(Records supplied)

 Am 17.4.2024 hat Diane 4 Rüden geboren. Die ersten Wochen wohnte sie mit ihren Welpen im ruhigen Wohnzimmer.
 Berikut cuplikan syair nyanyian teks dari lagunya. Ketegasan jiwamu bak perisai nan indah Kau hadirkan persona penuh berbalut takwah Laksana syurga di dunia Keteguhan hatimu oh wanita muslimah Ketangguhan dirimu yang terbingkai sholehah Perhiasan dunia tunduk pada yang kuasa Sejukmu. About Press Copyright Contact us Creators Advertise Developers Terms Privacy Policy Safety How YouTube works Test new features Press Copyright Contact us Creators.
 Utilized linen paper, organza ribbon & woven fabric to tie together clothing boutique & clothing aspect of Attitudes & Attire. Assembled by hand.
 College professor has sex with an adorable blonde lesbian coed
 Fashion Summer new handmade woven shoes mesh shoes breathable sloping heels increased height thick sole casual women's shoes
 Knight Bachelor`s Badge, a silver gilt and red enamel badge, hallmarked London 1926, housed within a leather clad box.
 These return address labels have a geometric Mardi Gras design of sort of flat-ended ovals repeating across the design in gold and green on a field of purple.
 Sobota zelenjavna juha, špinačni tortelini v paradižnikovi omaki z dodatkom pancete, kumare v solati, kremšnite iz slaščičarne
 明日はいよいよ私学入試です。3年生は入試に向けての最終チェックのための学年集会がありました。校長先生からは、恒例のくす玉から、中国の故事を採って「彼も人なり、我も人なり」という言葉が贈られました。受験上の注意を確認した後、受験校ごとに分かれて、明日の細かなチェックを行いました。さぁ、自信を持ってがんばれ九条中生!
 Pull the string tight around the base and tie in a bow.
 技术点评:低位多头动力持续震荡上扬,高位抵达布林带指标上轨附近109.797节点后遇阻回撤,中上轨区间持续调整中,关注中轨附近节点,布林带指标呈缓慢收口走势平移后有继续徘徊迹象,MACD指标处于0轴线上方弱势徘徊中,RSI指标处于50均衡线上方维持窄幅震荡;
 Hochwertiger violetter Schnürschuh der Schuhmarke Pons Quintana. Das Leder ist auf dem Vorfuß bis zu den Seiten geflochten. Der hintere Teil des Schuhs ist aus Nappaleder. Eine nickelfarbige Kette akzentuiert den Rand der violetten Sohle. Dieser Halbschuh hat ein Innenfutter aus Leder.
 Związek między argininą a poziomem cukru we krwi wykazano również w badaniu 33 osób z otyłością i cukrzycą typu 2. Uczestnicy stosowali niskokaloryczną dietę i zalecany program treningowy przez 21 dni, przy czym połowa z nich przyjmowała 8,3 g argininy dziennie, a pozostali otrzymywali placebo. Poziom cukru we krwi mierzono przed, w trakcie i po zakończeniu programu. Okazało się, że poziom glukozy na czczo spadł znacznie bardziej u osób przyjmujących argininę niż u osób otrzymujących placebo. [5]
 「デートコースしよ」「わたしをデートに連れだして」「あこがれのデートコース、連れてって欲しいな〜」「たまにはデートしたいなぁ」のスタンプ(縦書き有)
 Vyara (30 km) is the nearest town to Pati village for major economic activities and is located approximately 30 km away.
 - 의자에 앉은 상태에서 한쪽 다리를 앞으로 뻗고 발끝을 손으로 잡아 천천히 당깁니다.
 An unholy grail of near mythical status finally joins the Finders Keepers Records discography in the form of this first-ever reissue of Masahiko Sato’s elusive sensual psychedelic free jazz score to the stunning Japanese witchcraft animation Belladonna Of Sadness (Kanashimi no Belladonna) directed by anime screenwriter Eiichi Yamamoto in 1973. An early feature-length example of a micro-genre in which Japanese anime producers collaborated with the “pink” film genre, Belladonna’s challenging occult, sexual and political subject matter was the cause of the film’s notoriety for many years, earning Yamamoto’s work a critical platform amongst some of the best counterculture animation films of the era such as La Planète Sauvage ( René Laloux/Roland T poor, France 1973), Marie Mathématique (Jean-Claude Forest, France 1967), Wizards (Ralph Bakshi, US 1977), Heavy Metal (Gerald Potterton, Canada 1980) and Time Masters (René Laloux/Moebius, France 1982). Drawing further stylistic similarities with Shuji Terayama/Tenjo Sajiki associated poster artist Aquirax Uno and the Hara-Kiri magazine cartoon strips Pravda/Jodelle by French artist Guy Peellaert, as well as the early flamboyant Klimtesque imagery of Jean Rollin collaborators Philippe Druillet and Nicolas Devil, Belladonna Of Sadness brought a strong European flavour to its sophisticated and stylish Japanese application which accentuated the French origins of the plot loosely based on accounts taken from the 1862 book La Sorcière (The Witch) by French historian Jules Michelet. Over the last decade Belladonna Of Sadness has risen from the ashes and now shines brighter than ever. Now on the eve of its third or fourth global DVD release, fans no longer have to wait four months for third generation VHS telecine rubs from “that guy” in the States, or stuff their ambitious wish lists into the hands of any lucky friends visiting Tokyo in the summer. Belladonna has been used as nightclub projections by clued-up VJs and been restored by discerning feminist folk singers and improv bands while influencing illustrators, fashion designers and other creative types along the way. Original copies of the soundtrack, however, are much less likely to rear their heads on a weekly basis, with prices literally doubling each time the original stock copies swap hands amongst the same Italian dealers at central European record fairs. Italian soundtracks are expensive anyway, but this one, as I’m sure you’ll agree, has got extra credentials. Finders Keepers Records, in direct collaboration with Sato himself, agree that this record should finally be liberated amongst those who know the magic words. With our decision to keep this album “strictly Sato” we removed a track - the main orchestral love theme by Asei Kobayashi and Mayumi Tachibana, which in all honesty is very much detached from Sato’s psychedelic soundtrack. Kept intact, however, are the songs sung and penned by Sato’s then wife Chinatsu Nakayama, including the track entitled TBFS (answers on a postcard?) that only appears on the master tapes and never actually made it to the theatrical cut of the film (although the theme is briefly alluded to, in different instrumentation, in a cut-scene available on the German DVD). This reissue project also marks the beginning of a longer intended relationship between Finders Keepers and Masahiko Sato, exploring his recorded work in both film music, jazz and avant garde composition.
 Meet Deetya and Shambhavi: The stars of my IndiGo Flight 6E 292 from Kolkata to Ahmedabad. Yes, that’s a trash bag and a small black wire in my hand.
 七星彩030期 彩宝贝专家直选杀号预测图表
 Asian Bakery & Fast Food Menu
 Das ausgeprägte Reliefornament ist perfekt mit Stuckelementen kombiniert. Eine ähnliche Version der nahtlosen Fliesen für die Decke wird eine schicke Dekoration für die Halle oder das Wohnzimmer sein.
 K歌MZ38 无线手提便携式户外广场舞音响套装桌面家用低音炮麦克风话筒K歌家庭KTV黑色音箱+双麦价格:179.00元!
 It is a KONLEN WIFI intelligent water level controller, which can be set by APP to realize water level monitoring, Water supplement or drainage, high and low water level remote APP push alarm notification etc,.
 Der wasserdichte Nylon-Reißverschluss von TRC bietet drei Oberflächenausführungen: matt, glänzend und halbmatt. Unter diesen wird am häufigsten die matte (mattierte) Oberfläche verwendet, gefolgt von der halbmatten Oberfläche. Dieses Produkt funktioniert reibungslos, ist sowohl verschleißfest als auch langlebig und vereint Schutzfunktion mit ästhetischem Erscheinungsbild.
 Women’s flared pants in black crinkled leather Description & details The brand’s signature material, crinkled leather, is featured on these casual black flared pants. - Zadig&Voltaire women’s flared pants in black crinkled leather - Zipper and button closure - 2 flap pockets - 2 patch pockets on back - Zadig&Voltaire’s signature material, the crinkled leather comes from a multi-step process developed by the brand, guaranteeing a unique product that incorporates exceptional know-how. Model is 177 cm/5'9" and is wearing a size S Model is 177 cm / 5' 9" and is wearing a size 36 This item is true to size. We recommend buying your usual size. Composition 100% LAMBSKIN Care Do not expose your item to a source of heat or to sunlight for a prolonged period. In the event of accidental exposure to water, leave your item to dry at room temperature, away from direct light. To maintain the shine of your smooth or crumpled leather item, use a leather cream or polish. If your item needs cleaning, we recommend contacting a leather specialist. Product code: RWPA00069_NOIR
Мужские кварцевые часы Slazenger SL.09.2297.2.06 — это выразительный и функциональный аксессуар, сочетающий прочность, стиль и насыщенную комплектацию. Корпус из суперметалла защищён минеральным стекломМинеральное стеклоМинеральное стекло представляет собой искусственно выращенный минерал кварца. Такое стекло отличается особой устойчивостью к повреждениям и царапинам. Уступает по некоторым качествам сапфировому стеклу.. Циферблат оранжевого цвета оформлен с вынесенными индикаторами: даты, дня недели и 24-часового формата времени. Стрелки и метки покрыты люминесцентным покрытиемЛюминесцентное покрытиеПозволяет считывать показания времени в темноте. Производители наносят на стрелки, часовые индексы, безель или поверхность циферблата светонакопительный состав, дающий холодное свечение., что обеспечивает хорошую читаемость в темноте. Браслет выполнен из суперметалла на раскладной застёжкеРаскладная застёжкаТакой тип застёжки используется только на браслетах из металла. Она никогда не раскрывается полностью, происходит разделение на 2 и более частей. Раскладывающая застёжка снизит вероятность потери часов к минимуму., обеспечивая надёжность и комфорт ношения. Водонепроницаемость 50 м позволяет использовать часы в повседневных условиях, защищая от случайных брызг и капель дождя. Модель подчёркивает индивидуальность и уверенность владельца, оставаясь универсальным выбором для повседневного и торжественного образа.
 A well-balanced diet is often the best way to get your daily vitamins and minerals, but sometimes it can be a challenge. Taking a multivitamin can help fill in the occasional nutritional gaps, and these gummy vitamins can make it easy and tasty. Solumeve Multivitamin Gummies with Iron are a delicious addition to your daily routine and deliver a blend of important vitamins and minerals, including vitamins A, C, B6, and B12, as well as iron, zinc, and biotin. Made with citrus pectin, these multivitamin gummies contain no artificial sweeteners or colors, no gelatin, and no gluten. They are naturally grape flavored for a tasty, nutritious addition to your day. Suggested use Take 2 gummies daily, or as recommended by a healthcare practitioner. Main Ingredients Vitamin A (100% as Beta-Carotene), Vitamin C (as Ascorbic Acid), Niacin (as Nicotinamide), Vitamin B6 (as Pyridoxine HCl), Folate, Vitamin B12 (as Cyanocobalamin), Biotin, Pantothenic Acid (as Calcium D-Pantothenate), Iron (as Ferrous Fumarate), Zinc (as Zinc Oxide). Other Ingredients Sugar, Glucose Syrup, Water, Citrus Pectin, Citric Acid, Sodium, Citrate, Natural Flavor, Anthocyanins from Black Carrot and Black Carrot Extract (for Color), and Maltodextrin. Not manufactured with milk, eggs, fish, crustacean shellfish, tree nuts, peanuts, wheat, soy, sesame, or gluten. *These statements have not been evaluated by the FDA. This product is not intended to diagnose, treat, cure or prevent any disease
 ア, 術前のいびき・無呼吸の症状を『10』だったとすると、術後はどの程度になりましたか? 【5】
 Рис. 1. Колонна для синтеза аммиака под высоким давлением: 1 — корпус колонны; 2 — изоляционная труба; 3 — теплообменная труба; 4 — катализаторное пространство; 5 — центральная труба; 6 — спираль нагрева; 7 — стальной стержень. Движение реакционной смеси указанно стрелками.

(End Records supplied)

Activity> Word for word, please print every line from the beginning of the records to the line bearing "技术点评:低位多头动力持续震", counting both ends and stopping there.

Problem solution>
 Am 17.4.2024 hat Diane 4 Rüden geboren. Die ersten Wochen wohnte sie mit ihren Welpen im ruhigen Wohnzimmer.
 Berikut cuplikan syair nyanyian teks dari lagunya. Ketegasan jiwamu bak perisai nan indah Kau hadirkan persona penuh berbalut takwah Laksana syurga di dunia Keteguhan hatimu oh wanita muslimah Ketangguhan dirimu yang terbingkai sholehah Perhiasan dunia tunduk pada yang kuasa Sejukmu. About Press Copyright Contact us Creators Advertise Developers Terms Privacy Policy Safety How YouTube works Test new features Press Copyright Contact us Creators.
 Utilized linen paper, organza ribbon & woven fabric to tie together clothing boutique & clothing aspect of Attitudes & Attire. Assembled by hand.
 College professor has sex with an adorable blonde lesbian coed
 Fashion Summer new handmade woven shoes mesh shoes breathable sloping heels increased height thick sole casual women's shoes
 Knight Bachelor`s Badge, a silver gilt and red enamel badge, hallmarked London 1926, housed within a leather clad box.
 These return address labels have a geometric Mardi Gras design of sort of flat-ended ovals repeating across the design in gold and green on a field of purple.
 Sobota zelenjavna juha, špinačni tortelini v paradižnikovi omaki z dodatkom pancete, kumare v solati, kremšnite iz slaščičarne
 明日はいよいよ私学入試です。3年生は入試に向けての最終チェックのための学年集会がありました。校長先生からは、恒例のくす玉から、中国の故事を採って「彼も人なり、我も人なり」という言葉が贈られました。受験上の注意を確認した後、受験校ごとに分かれて、明日の細かなチェックを行いました。さぁ、自信を持ってがんばれ九条中生!
 Pull the string tight around the base and tie in a bow.
 技术点评:低位多头动力持续震荡上扬,高位抵达布林带指标上轨附近109.797节点后遇阻回撤,中上轨区间持续调整中,关注中轨附近节点,布林带指标呈缓慢收口走势平移后有继续徘徊迹象,MACD指标处于0轴线上方弱势徘徊中,RSI指标处于50均衡线上方维持窄幅震荡;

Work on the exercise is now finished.